# What is being asked
Begin the copy at the line containing "una fácil limpieza." in the data below and end it at the line containing "ID:48d68U730.net SNSの怖さw 続きを読む", keeping each line exact and leaving out pictures.

# Extracted records
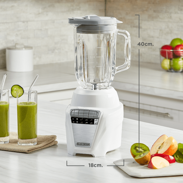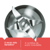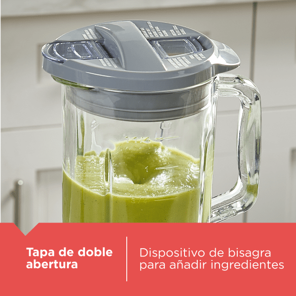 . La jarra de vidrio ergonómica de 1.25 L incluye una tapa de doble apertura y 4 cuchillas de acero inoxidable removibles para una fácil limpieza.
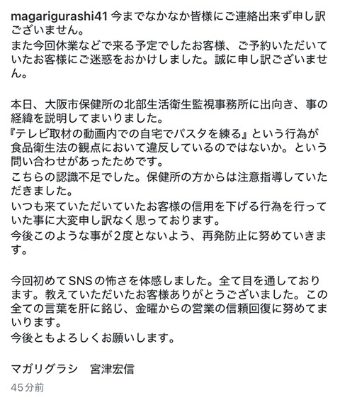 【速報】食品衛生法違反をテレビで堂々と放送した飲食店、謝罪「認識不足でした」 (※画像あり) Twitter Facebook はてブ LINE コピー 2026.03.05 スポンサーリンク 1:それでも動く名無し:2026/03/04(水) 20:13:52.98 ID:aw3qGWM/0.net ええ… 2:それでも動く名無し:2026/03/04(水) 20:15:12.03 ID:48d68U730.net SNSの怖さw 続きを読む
...
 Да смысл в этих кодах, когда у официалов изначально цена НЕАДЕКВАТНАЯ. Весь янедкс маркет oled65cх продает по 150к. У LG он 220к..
---
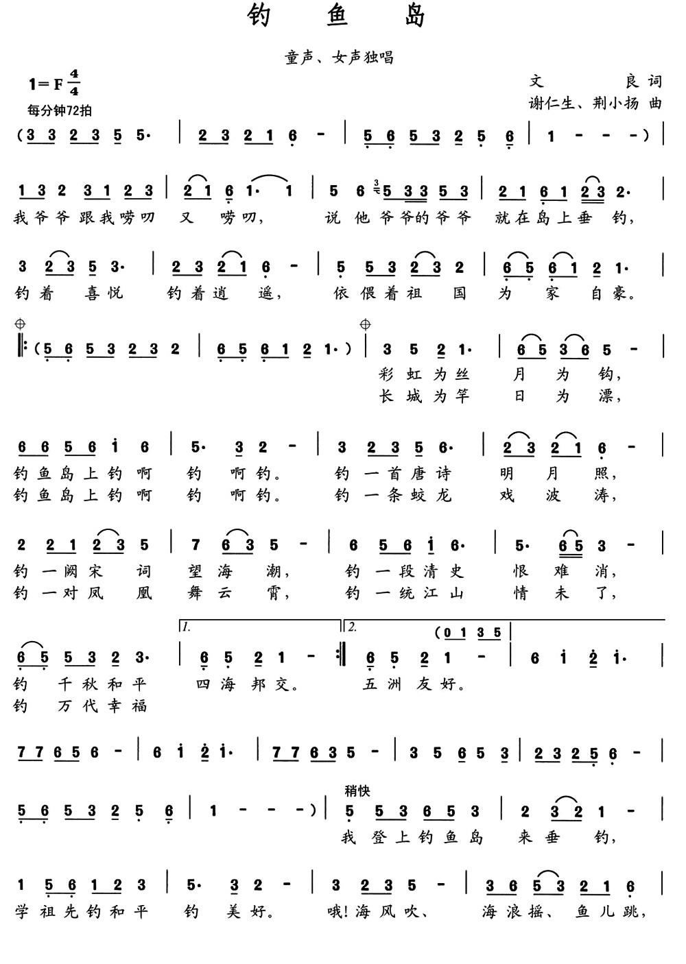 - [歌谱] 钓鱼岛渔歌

# Reply
 . La jarra de vidrio ergonómica de 1.25 L incluye una tapa de doble apertura y 4 cuchillas de acero inoxidable removibles para una fácil limpieza.
 【速報】食品衛生法違反をテレビで堂々と放送した飲食店、謝罪「認識不足でした」 (※画像あり) Twitter Facebook はてブ LINE コピー 2026.03.05 スポンサーリンク 1:それでも動く名無し:2026/03/04(水) 20:13:52.98 ID:aw3qGWM/0.net ええ… 2:それでも動く名無し:2026/03/04(水) 20:15:12.03 ID:48d68U730.net SNSの怖さw 続きを読む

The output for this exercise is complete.